WHAT TO DO:
Of the entries below, repeat exactly only those lines from the one containing "- 【5 IN 1 Multi-Functional】Looking" through the last line, with pictures omitted.

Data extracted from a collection

++++++++

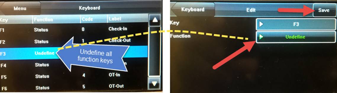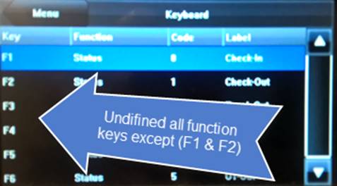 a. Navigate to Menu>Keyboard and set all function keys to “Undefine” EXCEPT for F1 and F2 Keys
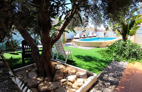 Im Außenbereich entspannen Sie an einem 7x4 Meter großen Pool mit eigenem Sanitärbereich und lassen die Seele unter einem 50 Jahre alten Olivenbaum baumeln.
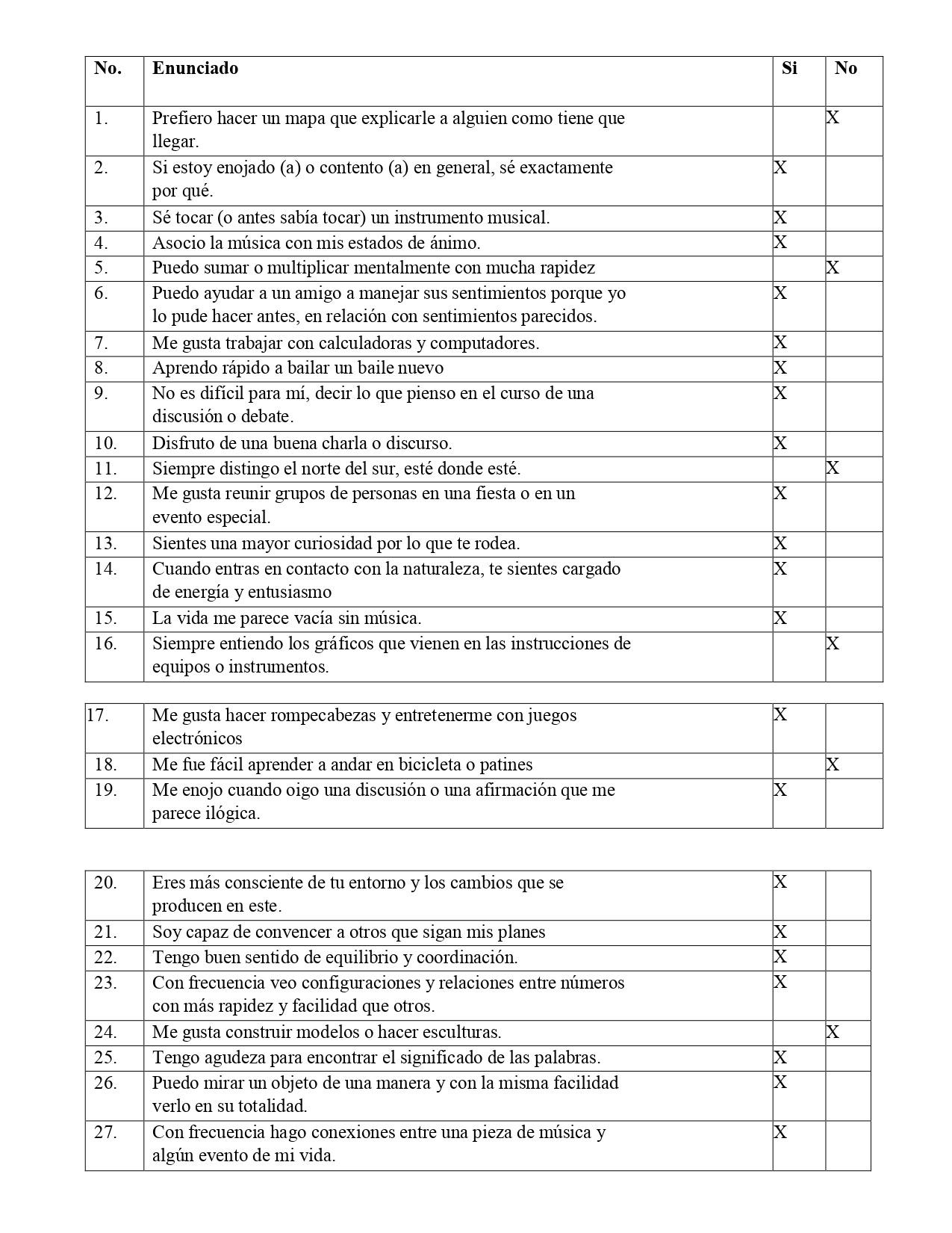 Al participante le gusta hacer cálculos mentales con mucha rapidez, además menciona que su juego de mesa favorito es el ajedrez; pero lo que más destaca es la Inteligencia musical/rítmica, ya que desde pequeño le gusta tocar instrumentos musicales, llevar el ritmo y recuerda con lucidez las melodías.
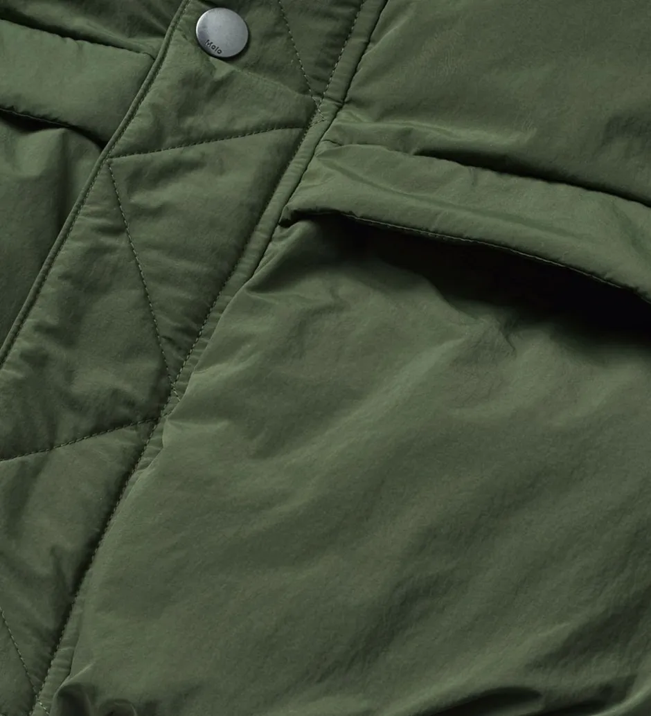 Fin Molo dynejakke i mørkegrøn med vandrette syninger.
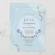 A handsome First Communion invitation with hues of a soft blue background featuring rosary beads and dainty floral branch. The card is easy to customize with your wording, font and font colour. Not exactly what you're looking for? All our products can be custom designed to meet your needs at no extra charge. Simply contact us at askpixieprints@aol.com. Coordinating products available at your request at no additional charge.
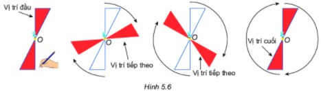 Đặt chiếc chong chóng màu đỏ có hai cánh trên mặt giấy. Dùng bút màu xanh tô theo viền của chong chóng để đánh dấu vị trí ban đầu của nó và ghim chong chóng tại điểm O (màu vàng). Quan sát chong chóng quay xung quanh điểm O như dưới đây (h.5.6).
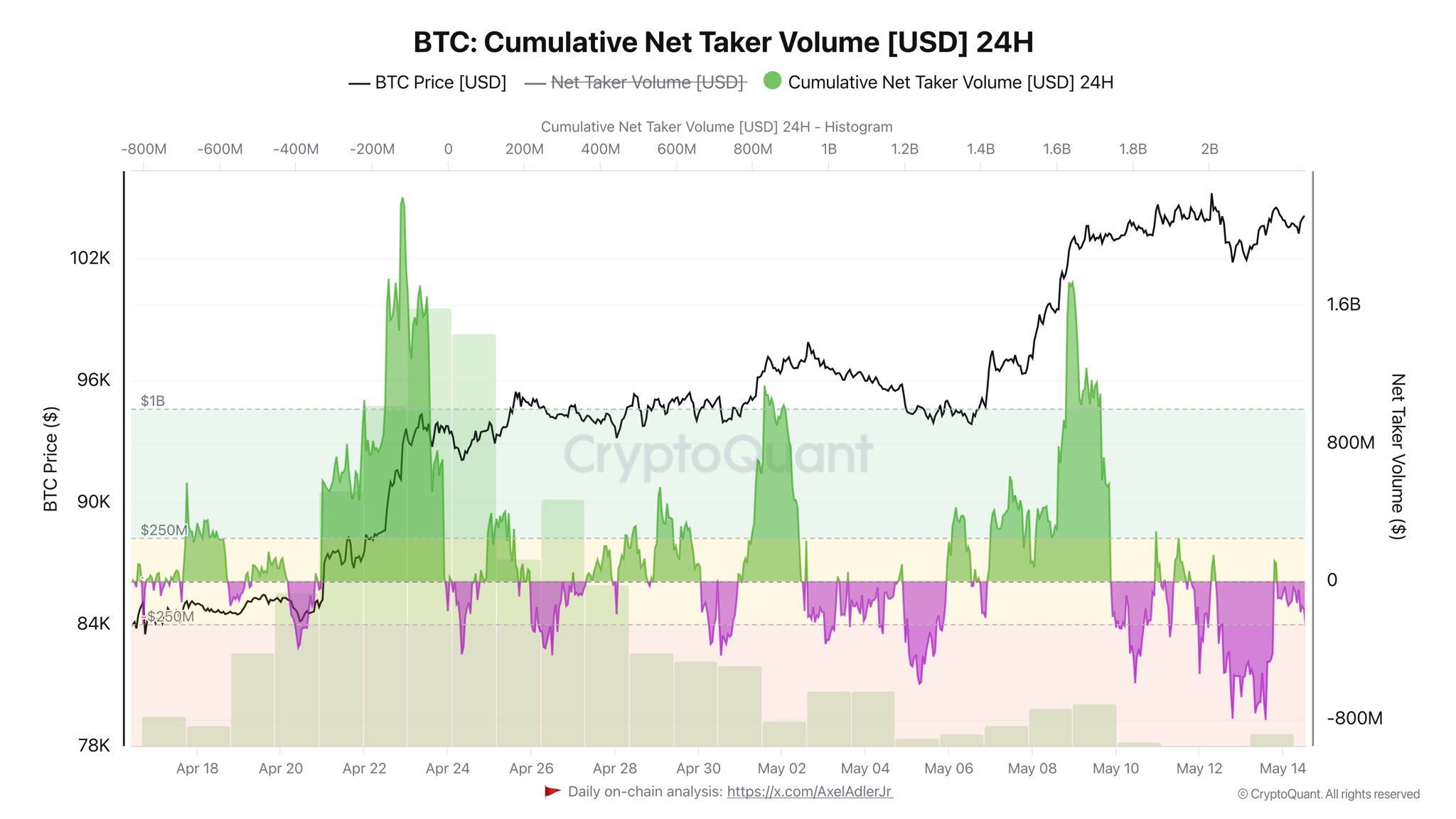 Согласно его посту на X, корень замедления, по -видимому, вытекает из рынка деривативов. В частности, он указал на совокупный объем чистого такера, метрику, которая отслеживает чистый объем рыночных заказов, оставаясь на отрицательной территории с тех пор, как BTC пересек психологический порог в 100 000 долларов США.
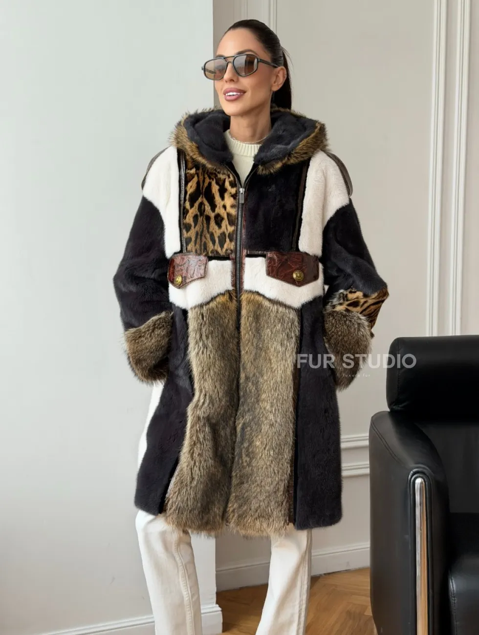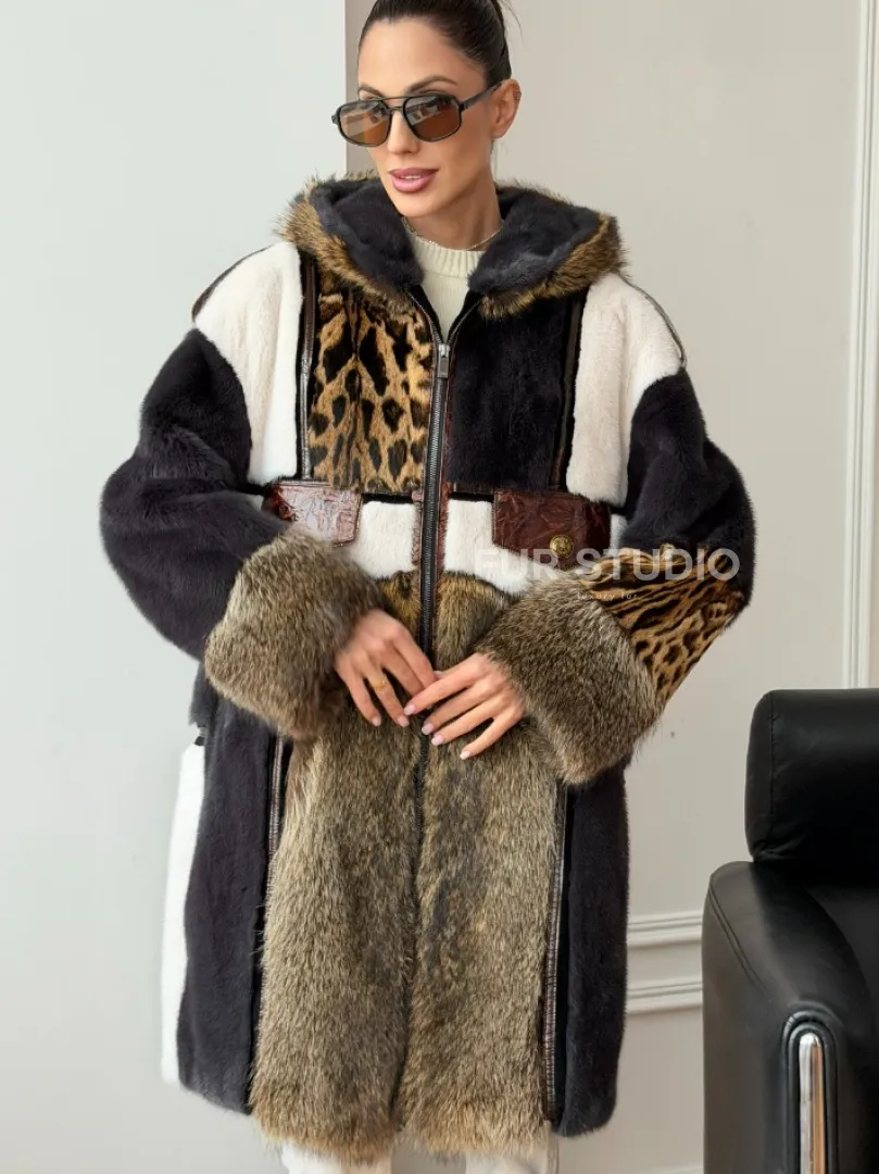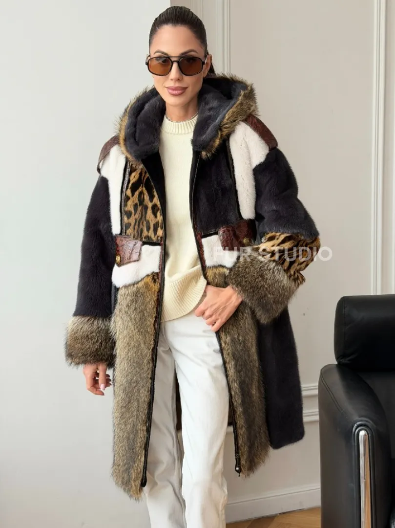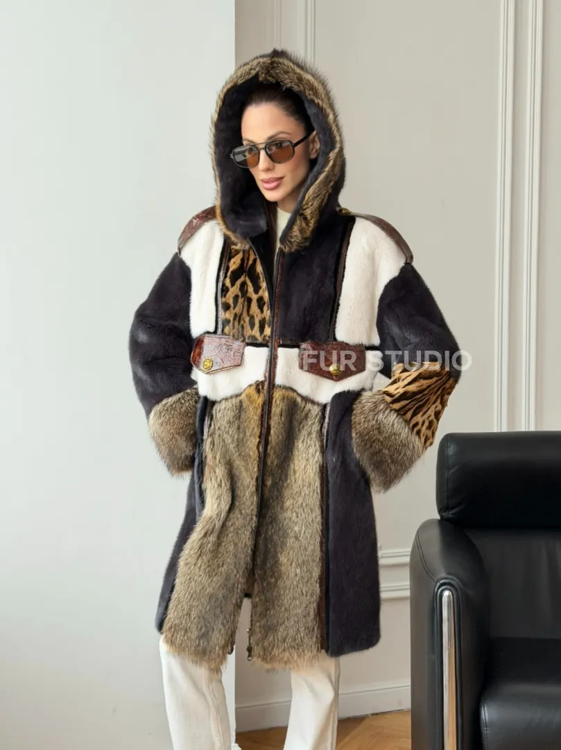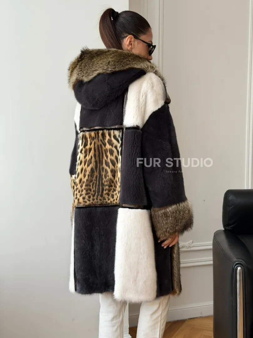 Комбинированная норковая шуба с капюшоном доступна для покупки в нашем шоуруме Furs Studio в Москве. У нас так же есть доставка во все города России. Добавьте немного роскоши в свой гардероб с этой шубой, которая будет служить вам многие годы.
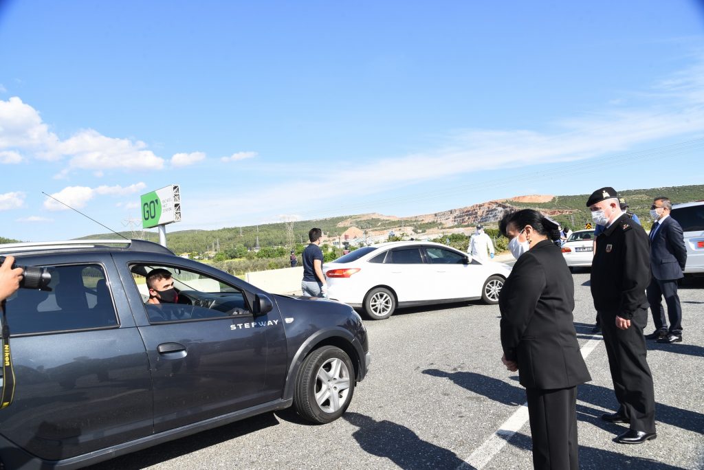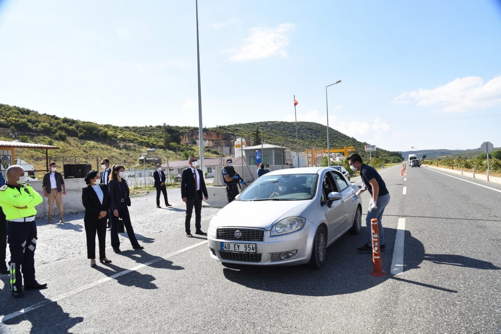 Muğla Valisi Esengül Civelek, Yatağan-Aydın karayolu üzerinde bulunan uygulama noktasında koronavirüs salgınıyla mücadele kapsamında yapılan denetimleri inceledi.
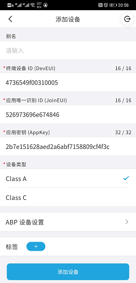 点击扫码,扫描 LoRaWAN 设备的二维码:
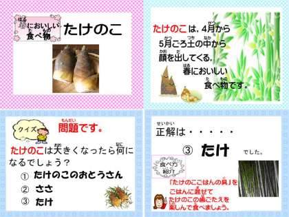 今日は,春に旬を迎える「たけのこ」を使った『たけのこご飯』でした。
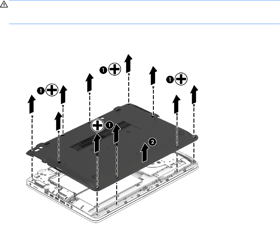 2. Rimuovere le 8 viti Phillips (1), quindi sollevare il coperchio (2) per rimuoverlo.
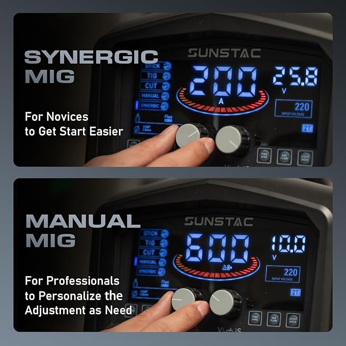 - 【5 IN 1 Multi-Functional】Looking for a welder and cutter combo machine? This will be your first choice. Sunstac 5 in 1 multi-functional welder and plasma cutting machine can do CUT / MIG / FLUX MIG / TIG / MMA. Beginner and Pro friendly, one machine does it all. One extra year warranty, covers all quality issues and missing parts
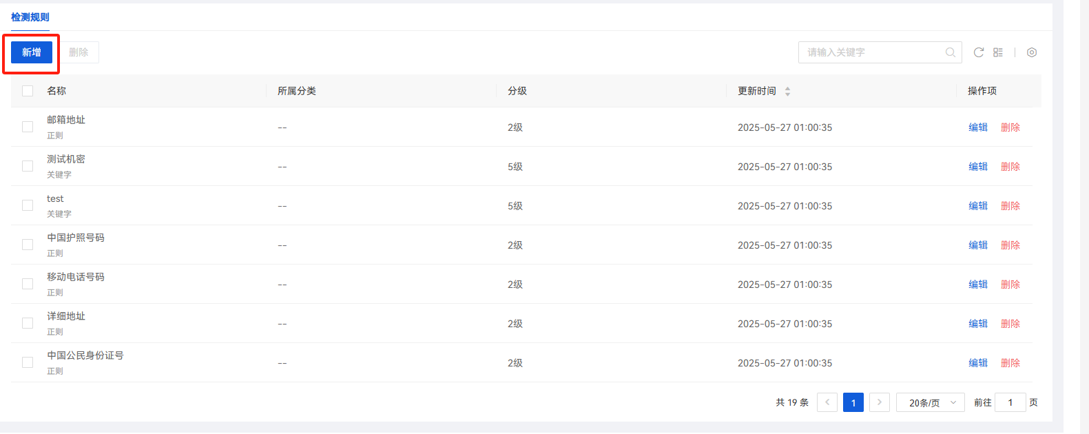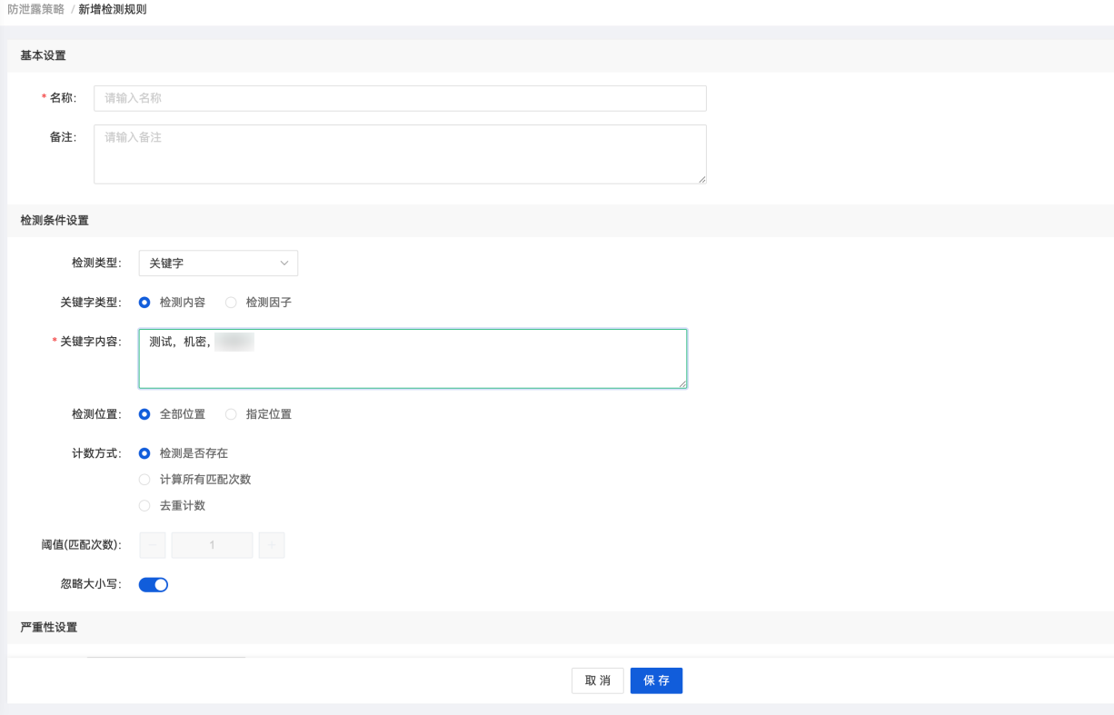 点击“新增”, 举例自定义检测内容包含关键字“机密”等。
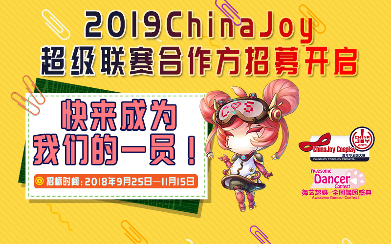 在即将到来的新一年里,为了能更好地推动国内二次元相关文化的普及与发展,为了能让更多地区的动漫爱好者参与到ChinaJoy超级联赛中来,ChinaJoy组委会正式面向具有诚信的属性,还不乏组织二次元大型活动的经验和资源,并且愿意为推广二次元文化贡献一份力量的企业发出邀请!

++++++++

ANSWER TO THIS EXERCISE:
 - 【5 IN 1 Multi-Functional】Looking for a welder and cutter combo machine? This will be your first choice. Sunstac 5 in 1 multi-functional welder and plasma cutting machine can do CUT / MIG / FLUX MIG / TIG / MMA. Beginner and Pro friendly, one machine does it all. One extra year warranty, covers all quality issues and missing parts
 点击“新增”, 举例自定义检测内容包含关键字“机密”等。
 在即将到来的新一年里,为了能更好地推动国内二次元相关文化的普及与发展,为了能让更多地区的动漫爱好者参与到ChinaJoy超级联赛中来,ChinaJoy组委会正式面向具有诚信的属性,还不乏组织二次元大型活动的经验和资源,并且愿意为推广二次元文化贡献一份力量的企业发出邀请!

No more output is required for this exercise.